Песец, прижавшись спиной к углу каменного здания, отстреливался. Его пистолет грохотал, посылая тяжелые пули в ближайших мутантов. Один, с головой, превратившейся в шар из щупалец, рухнул. Другой, с клешнями вместо рук, отпрянул, истекая черной слизью. Но их было слишком много. Ад катился прямо на него.
— Степан! Помоги!
Ледяной ужас пронзил Песца. Это был голос Маруси. Он, отстреливаясь на бегу. рванул в сторону, откуда донесся крик. Он увидел их. Маруся, прижимающая к себе Катеньку, пыталась удержать Настюшу, которую мутант — бывший грузчик, теперь трехметровый урод с костяными шипами на спине — схватил за руку и тянул к себе. Маруся била тварь корзинкой по руке, кричала. Катенька ревела.
— Отдай ее, тварь! — заревел Песец, вскидывая револьвер. Бахнул выстрел. Пуля ударила мутанту в плечо, отколов кусок костяного нароста. Тот взревел, разжал клешню, но тут же рванулся на Марусю, подняв другую клешню, увенчанную костяным лезвием.
Все произошло за долю секунды. Песец выстрелил снова, но было поздно. Костяное лезвие с легкостью пронзило дорогой кафтан Маруси, вошло глубоко в бок. Ее глаза широко распахнулись от шока и невероятной боли. Она не закричала. Лишь ахнула, оттолкнув Настеньку в сторону. Кровь хлынула из раны.
— Мама! — хором завопили обе девочки.
Песец увидел красное пятно. Всепоглощающая, слепая ярость, смешанная с ледяным ужасом утраты, рванула виски. Он бросился вперед, забыв про револьвер, забыв про все. Его огромный кулак, привыкший крушить двери и челюсти, со всей силы врезал мутанту в голову. Кость хрустнула. Тварь рухнула. Песец подхватил падающую Марусю. Ее лицо было белым, губы — синими. Она смотрела на него, пытаясь что-то сказать, но изо рта хлынула алая пена. Ее глаза закатились.
— Нет! Держись, родная! — захрипел Песец, прижимая ее к себе, чувствуя, как жизнь уходит из ее тела.
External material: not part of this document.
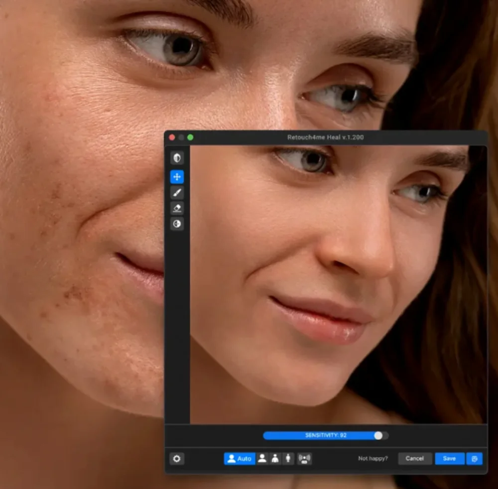 Retouch4me — это набор сервисов на базе искусственного интеллекта для автоматической ретуши портретов. Программы интегрируются с популярными графическими редакторами: Adobe Photoshop, Lightroom и Capture One, а также могут работать как отдельные приложения. Алгоритмы нейросети анализируют фотографию и выполняют точечную обработку, сохраняя текстуру кожи и естественный вид модели. Каждый модуль отвечает за отдельный аспект обработки: от удаления дефектов до коррекции цвета кожи или отбеливания зубов. Инструмент рассчитан на профессиональных фотографов, но подходит и для начинающих, так как не требует ручного выделения зон ретуши.

Горе, острое, как нож, пронзило его. Его скала. Его опора. Его Маруся…
— СТЕПАН! ДЕВЧОНКИ!
Знакомый сиплый голос вырвал его из мгновенного ступора. Песец поднял голову. Сквозь дым, кровь и бегущих в панике людей к нему пробивались трое. Васька «Кулак», его артефактная металло-деревянная рука с грохотом отшвыривала в сторону обезумевшего мутанта. Вадим Петрович щеголял в своем лиловом бархатном сюртуке. Правда, он теперь был порван и залит кровью. Мужчина стрелял из длинноствольного револьвера в летящего пожирателя душ. А рядом с ним, как тень, мелькал Мухтарыч, его желтые глаза горели адским светом, а короткие клинки оставляли кровавые росчерки на глотках мелких демонюг, пытавшихся направиться к его девочкам.
— Мужики! — хрипло крикнул Песец, чувствуя, как слезы смешиваются с грязью и потом на его лице. От горя и запоздалого спасения. — Жену… Марусю…
— Видим! — рявкнул Васька, подбегая. Его лицо было искажено яростью и болью. Он одним движением здоровой руки подхватил ревущую Катеньку на плечо. Вадим схватил Настюшу. Мухтарыч встал рядом с обнаженными клинками в руках. Его хищный нос вздрагивал, улавливая новые угрозы в воющем хаосе.
— Не время горевать, Степан! — крикнул Вадим, его голос был жестким, как сталь. — Весь Питер — в аду! Надо спасать тех, кого еще можно! Нужно отвести девчонок в укрытие!
Песец посмотрел на мертвое лицо жены, на перекошенные от ужаса лица дочерей в руках его новых приятелей. Ярость, холодная и всепоглощающая, сменила горе. Он аккуратно положил тело Маруси на землю, снял с руки массивное обручальное кольцо с черным камнем и сунул его в карман. Потом поднял свой револьвер.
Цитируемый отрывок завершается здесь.